Of course, not every industry is in the same risky position when it comes to protecting their data and ensuring their viability as data companies. Technology-based companies are likely to be in the best position—even if they usually have the most data to content with—because they’ve seen the development of higher levels of risk up close. 

Other industries that have been highly dependent on data—financial services, healthcare, and logistics, for instance—have already begun re-architecting their security frameworks. 

Playing catch-up?

Then there are industries where organizations are playing catch-up to their massive data growth and heightened security risks. Sadly, one of the most at-risk industries when it comes to ensuring their futures as data-driven organizations is government, a segment where the sophisticated and innovative use of data can have massive upsides for our societies. At the federal or national level, governments often understand the risk, but their bureaucracies impede their ability to address the problem in a timely manner. And local governments may be slightly nimbler, but they face a familiar problem: The lack of sufficient financial and personnel resources to suitably address the risks.

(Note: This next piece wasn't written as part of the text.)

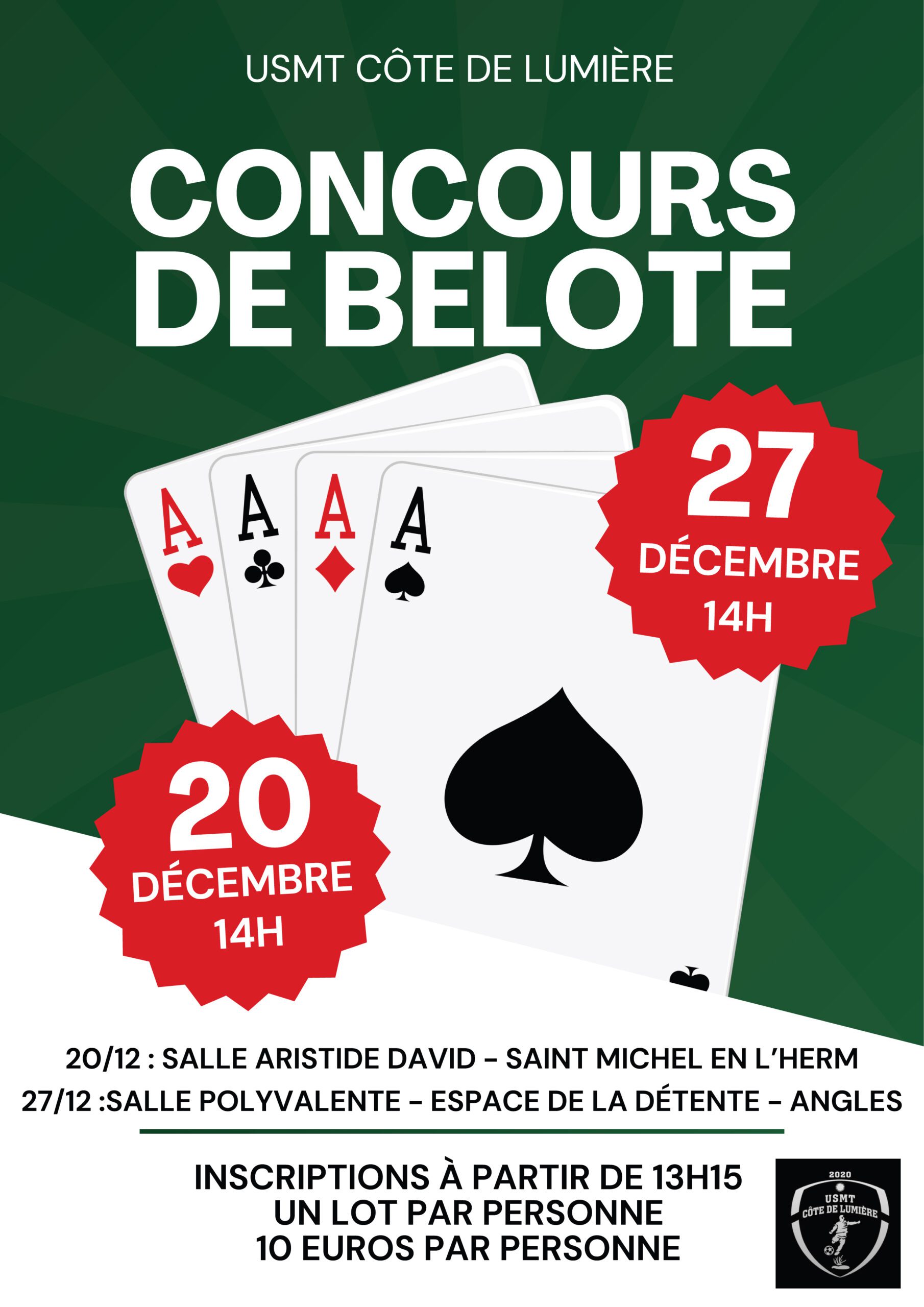 Concours de beloteOrganisé par l’USMT Foot, salle A. David. Tarif : 10€, 1 lot par participant.Salle Aristide David à St Michel+ Ajouter à mon Agenda Google+ iCal / Outlook export Date20 Déc 2025 Heure 13h15 - 19h00Partagez cet événement

So, what should organizations do in order to properly secure their status as data companies? 

First: Organizations should reimagine their cybersecurity defensive posture—perhaps radically so, if data is becoming a critical point of differentiation for your organization. Prevention controls must be deployed at every phase of the much-discussed intrusion kill chain. That’s become increasingly difficult with the expansion of data silos and new threat vectors that span far beyond the perimeter. That means a platform approach to securing all those “data lakes” that have evolved in recent years, where a common security framework is deployed in each and every data lake. It’s more efficient to manage, less expensive to procure, and faster to deploy.

Second: You need to move away from the multi-security-solution-vendor paradigm that has spread like kudzu over the years. Having a different vendor for dozens or even hundreds of point products for cybersecurity is a losing proposition. 

Your InfoSec team has to be certified on dozens of vendors’ solutions and then retrained on a regular basis to maintain that certification. Plus, there’s the stark reality that having multiple vendors’ point products doesn’t promote redundancy and reinforcement; quite the contrary. Since those different vendors designed their solutions for specific problems, those products were never going to work seamlessly together. 

Third: Business executives have to understand that, in order to become a data company, you actually have to store and have easy access to all that data. The good news is that, because data storage today is really cheap—both in your physical data centers and in the cloud—you have access to more data than ever. And powerful analytics tools allow you to find the needle in the haystack that can make the difference between really understanding your customers and guessing what they want. 

But that puts the onus back on your CISO and the SecOps teams to reliably, efficiently, and affordably secure all that data. As we’ve often discussed on SecurityRoundtable.org, you don’t do that simply by hiring more security engineers, for several reasons.

One, there is a big and growing gap between security skills required and talent available. Two, the bad guys are using sophisticated machine learning tools to spot vulnerabilities and exploit them, and you need to counter software and automation with, well, software and automation. 

So, as you plot your strategy to harness all that massive data in order to transform your company into a data company, don’t forget to reconstruct your cybersecurity strategy in lockstep. If you don’t, the possibility of drowning in your data lake may be the least of your problems.

End Points

  • Every organization uses data in ways unimagined even a few short years ago.
  • Cybersecurity approaches need to be modernized to reflect that reality.
  • Organizations need to break down “data silos” by using comprehensive cybersecurity platforms.